SOAP, or Simple Object Access Protocol, is an API that connects different platforms together through HTML and XML. The structure and requirements for SOAP are more rigid than REST, and it’s defined by a specific protocol. Web applications have started moving away from this older traditional type. It is hard to implement flexible integration here. However, this structure does allow for more stringent security measures and includes stateful operations without custom coding.

ASP.NET


ASP.NET is a specific form of a REST API .NET technology. The main benefit of using this type is the structured framework that’s in place. If you are working with windows-based technology, you can send HTTP protocol messages to a variety of platforms. Dot NET framework is lightweight and easy to work with, which can speed up development time and add flexibility to your third party integration.

API Lifecycle: 4 Stages


API’s lifecycle basically summarizes the whole lifespan, right from initial conception, to deprecation and final retirement. APIs’ lifecycle varies with its core functionality and the nature of software or business. Let’s analyze the four stages of the API lifecycle.

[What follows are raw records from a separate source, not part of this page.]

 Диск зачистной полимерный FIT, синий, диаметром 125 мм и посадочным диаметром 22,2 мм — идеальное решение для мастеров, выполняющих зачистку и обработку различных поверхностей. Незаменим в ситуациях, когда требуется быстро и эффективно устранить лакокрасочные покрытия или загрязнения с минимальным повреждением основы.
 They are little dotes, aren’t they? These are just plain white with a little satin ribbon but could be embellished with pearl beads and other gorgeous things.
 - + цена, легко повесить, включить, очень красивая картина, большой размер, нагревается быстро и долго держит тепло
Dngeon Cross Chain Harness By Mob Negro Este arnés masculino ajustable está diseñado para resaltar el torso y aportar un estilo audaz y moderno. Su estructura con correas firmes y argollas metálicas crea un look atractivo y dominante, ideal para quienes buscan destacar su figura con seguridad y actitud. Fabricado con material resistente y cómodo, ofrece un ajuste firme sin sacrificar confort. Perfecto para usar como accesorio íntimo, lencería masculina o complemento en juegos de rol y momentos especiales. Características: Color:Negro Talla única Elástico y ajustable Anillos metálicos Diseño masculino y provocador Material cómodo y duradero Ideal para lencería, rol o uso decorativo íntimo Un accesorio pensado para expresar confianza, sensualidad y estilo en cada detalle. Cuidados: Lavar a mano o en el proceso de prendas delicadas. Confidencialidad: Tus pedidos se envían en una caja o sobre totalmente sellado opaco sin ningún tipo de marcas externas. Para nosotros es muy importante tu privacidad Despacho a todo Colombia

API Panning, Design, Analysis


This stage is generally called the API Requirement Definition stage. In this stage, providers need to determine a definition in which they have to give the reason for creating a new API, the objective that it will achieve, and the overall business strategy that will be implemented. It has to be analyzed whether creating an API would indeed solve the existing requirements. And after its establishment, the purposes of the API are to evolve with the overall organizational objectives.

At this stage some points have to be decided:-
1) API growth model
2) Projection/Predictions of usage
3) Mission statement(s)
4) Expected returns from the API
5) API marketing and promotional methods to be adopted.

Once these have been decided another extremely important element is, finalizing the type of API to create.
1) Public APIs
2) Private APIs
3) Partner APIs

API Development And Integration


API providers must understand the exact technical requirements and capabilities of the program interface. The API hosting tools and management methodology, an understanding of the protocols to be used is important. Developers need to be aware of all the operations as well, the security features, access control options and the quality of end-user-experience the API will provide. The scalability and the size of APIs are also the points to considerate.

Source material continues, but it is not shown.